Its been hailed as the next space race and the drive to conquer the quantum world is perhaps the most fiercely competitive in technology. China and the US have both invested billions in developing new ways to exploit the strange laws of physics that quantum effects give access to. The promise is a new era of computing and communication and, of course, undreamed-of riches.

In all the excitement, one part of the world is being left behind. Europe has a rich history of innovation in quantum physics but has begun to fall behind its global competitors in recent years.

That’s why the European Commission announced in 2016 that it was investing one billion euros in a research effort known as the Quantum Technology Flagship. The goal for this project is to develop four technologies: quantum communication, quantum simulation, quantum computing, and quantum sensing. After almost two years, how is it going?

We now get a glimpse thanks to the publication of the European Quantum Technologies Roadmap, an updated version of the document that sets out the project’s goals over the next 10 years. In particular, it outlines two emerging areas that have received less interest in other parts of the world—quantum software and quantum control.

These could have significant implications for the future of European quantum technologies.

Quantum Communication

The document begins by outlining the areas of focus. The first, quantum communication, offers the ability to send data from one location to another with complete privacy, guaranteed by the laws of physics. That is becoming increasingly important because another technology—quantum computing—will soon be able to break the encryption commonly used today. Secure communication is one of the foundations of modern society, enabling e-commerce and ensuring the privacy of business, government, and military communications.

The problem is that existing quantum communication systems are expensive and complex to manage and run. The next stage in the evolution of these systems is to make them much more manageable.

The commission says this is imminent:

“Foreseeable within the next three years is the development of quantum communication systems over metropolitan distances that will address low deployment costs, high secure key rates and multiplexing.”

Another problem is that quantum communication only works over point-to-point connections of about 100 kilometers. So researchers are also working on quantum routers that can send the signals much farther. “In 6 years, we will likely see [quantum communication systems] in test-bed networks, demonstrating long distances via trusted nodes, high altitude platform systems or satellites, as well as multi-node or switchable intra-city networks, all of which will require large-scale infrastructure projects to be initiated,” says the report.

Quantum Computation

The next area is quantum computation, which uses quantum processes to generate impressive data processing performance. This has been possible on the scale of just a few quantum bits, or qubits, for some years. The challenge today is to scale quantum computers to 100 qubits or more.

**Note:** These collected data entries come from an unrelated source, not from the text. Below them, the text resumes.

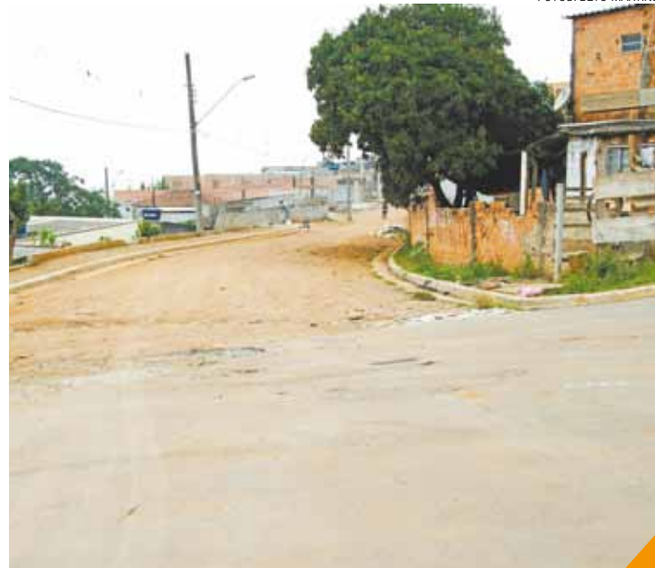
Quase lá - Limite entre terra e asfalto causa ira nos moradores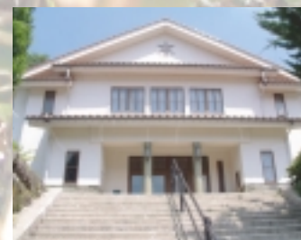
登山道入口の歴史民俗資料館。ここから出発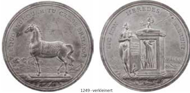
1249 - verkleinert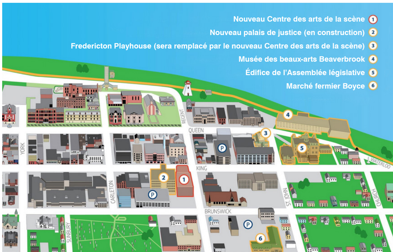
Carte de l'emplacement du nouveau Centre des arts de la scène

Avec son entrée sur la rue King et sa façade s'étendant jusqu'à la rue Regent, le Centre des arts de la scène sera idéalement situé au cœur du centre-ville de Fredericton, à proximité du quartier historique de la Garnison, du Musée des beaux-arts Beaverbrook, de l'édifice de l'Assemblée législative, d'un parc de stationnement, de restaurants, d'établissements hôteliers, de boutiques, de services et d'institutions culturelles.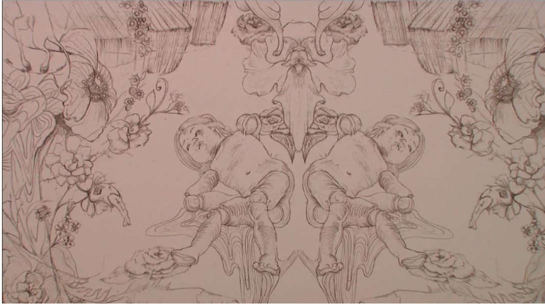
Figura 2-26: Ilustración del papel de colgadura diseñado por Alexander McQueen para la sala Naturalismo romántico de la exposición Savage Beauty del Met 2011

Tomado de: https://www.metmuseum.org/metmedia/video/collections/ci/mcqueen-savage-beauty . 25 de febrero de 2019.

This road map outlines five potential ways of doing this, using systems that store and process quantum information in different ways. These include storing the information in ions trapped in a magnetic field or in atomic nuclei embedded in silicon or carbon, in the flow of current through tiny superconducting circuits, or in photons traveling through photonic circuits.

The commission clearly expects large-scale quantum processing using one or more of these technologies within five to 10 years. Whether this will be done in Europe first is much less clear.

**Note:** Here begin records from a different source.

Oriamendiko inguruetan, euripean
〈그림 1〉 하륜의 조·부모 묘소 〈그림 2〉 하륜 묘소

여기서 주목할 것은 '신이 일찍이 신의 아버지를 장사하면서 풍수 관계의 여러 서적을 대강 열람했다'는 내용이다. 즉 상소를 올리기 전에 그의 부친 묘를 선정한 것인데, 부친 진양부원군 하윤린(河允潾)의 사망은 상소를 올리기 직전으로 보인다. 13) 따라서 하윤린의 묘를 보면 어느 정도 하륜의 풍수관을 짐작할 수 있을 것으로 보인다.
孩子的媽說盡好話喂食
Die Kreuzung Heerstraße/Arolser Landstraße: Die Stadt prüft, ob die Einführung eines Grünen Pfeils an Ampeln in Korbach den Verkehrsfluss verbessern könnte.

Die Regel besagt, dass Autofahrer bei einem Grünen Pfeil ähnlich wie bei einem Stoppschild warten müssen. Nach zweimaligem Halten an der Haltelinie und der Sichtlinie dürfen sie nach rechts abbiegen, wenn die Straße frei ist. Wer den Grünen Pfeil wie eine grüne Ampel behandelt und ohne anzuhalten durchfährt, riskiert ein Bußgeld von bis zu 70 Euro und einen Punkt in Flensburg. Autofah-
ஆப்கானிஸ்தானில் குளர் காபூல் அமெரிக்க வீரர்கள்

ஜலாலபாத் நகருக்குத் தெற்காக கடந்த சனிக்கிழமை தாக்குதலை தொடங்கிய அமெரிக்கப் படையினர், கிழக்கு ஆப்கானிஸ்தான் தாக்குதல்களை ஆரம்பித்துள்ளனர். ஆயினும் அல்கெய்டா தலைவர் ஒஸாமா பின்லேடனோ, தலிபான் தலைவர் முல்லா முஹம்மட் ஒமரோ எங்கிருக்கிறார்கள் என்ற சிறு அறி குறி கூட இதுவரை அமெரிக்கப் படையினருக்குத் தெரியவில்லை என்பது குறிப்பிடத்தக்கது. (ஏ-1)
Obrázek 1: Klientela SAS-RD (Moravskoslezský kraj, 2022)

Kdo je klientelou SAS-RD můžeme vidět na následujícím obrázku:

The Race for Qubits: Image showing Rigetti Computing CEO Chad Rigetti with Quantum Computer

Quantum Simulation

Quantum simulation is the third area of investment. Simulating complex quantum properties on an ordinary computer is close to impossible. But quantum systems can be made to simulate aspects of other quantum systems more or less perfectly.

Physicists are toying with various ways of doing this. The basic idea is to find a quantum system that is well understood, and easy to manipulate and measure, and then use that to simulate a system that is hard to manipulate and measure.

The well-understood systems include ultra-cold atoms and molecules, ions trapped in magnetic fields, and superconducting circuits. The more complex systems that physicists want to understand occur in high-energy physics, in cosmology, in statistical physics, and even in biology, where quantum processes seem to play a role in energy transfer. The promise is that quantum simulation can provide insights into all these areas.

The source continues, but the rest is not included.